3-2) Table View Screen
The Table View is a detailed screen where you can analyze the results confirmed on the Dashboard in detail. You can go there directly through the top tab, or when you click on a Dashboard graph, the corresponding information is automatically filtered so you can check the detailed data.
④ Tab Structure
The Table View is composed of three tabs, allowing you to check the evaluation results from different perspectives.
- Compare Model: Compare the responses and scores of multiple models side-by-side to check the performance of each model for the same question.
- Compare Metric: Compare model responses by evaluation metric to analyze the score differences for the same response by metric.
- Model-Metric: Focus on a specific evaluation metric of a specific model to perform a standalone analysis.
⑤ Filter and Search
You can view the results in detail under the desired conditions through the filter area at the top.

You can filter only the desired results by selecting Metric and Metadata conditions, setting a score range, entering a search term, and using sorting options.
⑥ Response Comparison Table
You can check the Query and the score and response for each model side-by-side, and you can check the detailed evaluation information by clicking on a cell. The score sections are distinguished by color, so you can visually grasp the performance.

⑦ Detail Panel
You can check the basis and criteria for the evaluation of the selected response in detail.

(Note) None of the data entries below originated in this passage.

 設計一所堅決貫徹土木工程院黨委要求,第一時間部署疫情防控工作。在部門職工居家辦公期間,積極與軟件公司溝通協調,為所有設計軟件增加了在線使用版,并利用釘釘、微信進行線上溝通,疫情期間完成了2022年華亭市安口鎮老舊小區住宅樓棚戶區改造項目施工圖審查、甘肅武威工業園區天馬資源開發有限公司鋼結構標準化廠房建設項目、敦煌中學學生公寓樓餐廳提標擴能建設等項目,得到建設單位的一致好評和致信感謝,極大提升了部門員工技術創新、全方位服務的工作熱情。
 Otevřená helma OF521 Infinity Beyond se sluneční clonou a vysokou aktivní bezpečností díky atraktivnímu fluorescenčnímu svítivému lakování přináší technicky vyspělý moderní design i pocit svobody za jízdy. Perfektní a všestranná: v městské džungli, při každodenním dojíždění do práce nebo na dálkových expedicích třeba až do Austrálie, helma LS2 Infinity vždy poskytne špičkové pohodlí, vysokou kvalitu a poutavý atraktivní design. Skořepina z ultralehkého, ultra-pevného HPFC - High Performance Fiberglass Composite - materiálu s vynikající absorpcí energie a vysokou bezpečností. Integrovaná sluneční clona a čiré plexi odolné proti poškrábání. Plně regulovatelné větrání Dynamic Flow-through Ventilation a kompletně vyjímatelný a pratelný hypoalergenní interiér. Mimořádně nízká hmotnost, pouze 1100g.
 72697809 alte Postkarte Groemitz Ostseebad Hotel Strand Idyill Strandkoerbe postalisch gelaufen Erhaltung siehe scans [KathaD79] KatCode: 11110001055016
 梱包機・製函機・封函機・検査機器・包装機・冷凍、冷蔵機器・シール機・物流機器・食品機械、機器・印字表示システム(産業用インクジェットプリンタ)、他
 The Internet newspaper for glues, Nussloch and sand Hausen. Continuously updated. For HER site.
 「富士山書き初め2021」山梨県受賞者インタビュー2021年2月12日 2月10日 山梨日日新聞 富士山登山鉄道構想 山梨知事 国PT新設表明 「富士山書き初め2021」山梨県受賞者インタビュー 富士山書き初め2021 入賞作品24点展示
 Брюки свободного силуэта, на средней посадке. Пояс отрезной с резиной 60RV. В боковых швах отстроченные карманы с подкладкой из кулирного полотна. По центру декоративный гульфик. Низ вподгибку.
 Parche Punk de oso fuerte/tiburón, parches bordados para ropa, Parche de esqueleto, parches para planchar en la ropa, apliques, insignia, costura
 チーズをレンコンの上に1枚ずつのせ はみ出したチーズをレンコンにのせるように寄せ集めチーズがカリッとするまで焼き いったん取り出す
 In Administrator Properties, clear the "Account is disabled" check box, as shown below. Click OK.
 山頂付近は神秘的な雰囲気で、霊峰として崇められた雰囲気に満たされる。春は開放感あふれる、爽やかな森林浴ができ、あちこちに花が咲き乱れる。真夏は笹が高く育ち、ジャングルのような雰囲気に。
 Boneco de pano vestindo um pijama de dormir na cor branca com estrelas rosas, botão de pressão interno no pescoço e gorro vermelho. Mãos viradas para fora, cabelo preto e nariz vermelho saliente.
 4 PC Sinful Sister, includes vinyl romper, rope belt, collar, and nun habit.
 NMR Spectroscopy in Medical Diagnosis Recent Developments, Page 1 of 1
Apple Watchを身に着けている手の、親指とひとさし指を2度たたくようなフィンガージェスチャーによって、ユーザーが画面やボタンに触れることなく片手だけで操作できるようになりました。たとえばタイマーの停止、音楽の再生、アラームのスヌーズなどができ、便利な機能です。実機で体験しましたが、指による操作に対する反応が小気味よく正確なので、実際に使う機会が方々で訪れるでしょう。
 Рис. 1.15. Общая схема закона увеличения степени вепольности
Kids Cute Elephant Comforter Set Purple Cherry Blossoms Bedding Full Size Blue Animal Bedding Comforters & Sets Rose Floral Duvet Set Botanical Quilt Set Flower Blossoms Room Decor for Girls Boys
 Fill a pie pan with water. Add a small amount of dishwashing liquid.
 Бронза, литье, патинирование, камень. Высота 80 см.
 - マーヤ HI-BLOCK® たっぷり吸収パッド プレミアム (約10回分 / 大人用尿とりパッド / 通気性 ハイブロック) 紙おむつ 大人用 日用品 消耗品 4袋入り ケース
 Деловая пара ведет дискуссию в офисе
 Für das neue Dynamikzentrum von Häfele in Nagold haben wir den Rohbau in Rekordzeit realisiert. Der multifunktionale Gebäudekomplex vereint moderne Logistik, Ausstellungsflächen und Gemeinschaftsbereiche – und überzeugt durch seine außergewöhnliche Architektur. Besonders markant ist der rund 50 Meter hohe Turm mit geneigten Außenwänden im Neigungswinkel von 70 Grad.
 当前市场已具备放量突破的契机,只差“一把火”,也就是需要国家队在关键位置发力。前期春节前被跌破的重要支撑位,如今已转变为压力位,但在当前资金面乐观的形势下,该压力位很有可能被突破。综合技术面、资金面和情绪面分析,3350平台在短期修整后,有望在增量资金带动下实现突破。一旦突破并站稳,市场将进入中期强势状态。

It provides the original question and response, and context information together, and you can transparently check the evaluation process through the model name, score, and evaluation Rubric.

Usage Guide
Tab Usage by Purpose
- Compare the performance of multiple models → Compare Model tab
- Check the performance difference between evaluation metrics → Compare Metric tab
- Focus on a single model → Model-Metric tab
In-depth Analysis
- Quickly identify performance issues in specific situations by combining filters and sorting.
- Immediately check detailed data of areas of interest by clicking on Dashboard charts.
- Review the basis and criteria for evaluation using the Detail panel.
If the dataset satisfies certain conditions,
the BEIR benchmark is automatically executed along with the Judge evaluation, and the results can be checked in the Beir Leaderboard format.